The Trade Union Congress (TUC) Women’s Commission has noted that over ten million Almajiri, orphans and vulnerable children are roaming the streets in Nigeria while criminals are keeping weapons and drugs with them.

Chairperson of the TUC’s Women Commission wing, Kebbi State chapter, Comrade Hafsat Abdulhamid Jamoh, stated this during their one-day programme on ‘Child-abuse and Almajiri Syndrome, Community Responsibilities to Build a Morally Sound Society. ”

She said: “In both Islam and Christianity, the child needs not to beg for food and other essential needs. His food, security and other basic needs were granted by law. The parents, relatives and the state are obligated to meet the child’s demands, including feeding, clothing, shelter and education.

“Let me use this privileged opportunity to intimate you with the information that over ten million Almajiri, orphans and vulnerable children, according to estimation, are roaming the streets in Nigeria, most particularly in the Northern region and Southern region respectively, begging for food. This indeed, is a disgrace to our regions and nation among the globe.”

She added that relegating children to Almajiri system is tantamount to child abuse and violation of their fundamental rights as granted by Nigeria’s constitution.

The National Chairperson of the Trade Union Congress Women’s Commission, Hajia Hafsat Shuaib, who commended the Kebbi State chapter for organising the programme, appealed to all Nigerians not to perceive the problem of Almajiri as Northerners’ problem but an issue that must be solved by all citizens.

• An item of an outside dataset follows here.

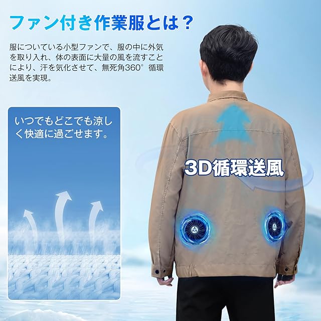 [Sumeriy] 空調作業服 長袖 30000mAhバッテリ付き ファン付き作業服 3D循環送風 4段階風量調節可 USB給電式 超長連続使用時間 9枚ファン 大風量 静音 UVカット 暑さ対策 熱中症予防 屋外作業 在宅 通勤 男女兼用 (XL, カーキ)

She disclosed that apart from sexual abuse, child abuse and other evil treatments they are subjected to on the streets, criminals are keeping their weapons and drugs with them during the day, which they could not resist because of their peculiar situation.

She therefore called on, parents, traditional rulers, religious leaders to see these children as theirs, stressing that: “In Africa, a child is a child to all of us because we have the culture to nurture the children irrespective of whom their parents are “.

While declaring the programme open, Kebbi State governor, Atiku Bagudu, represented by the Permanent Secretary in charge of Establishment, Training and Pension, Dr. Isa Muhammed, condemned child-abuse and relegation of children to the Almajiri system; adding that the present administration has done a lot for women and child development through the Ministry of Women Affairs.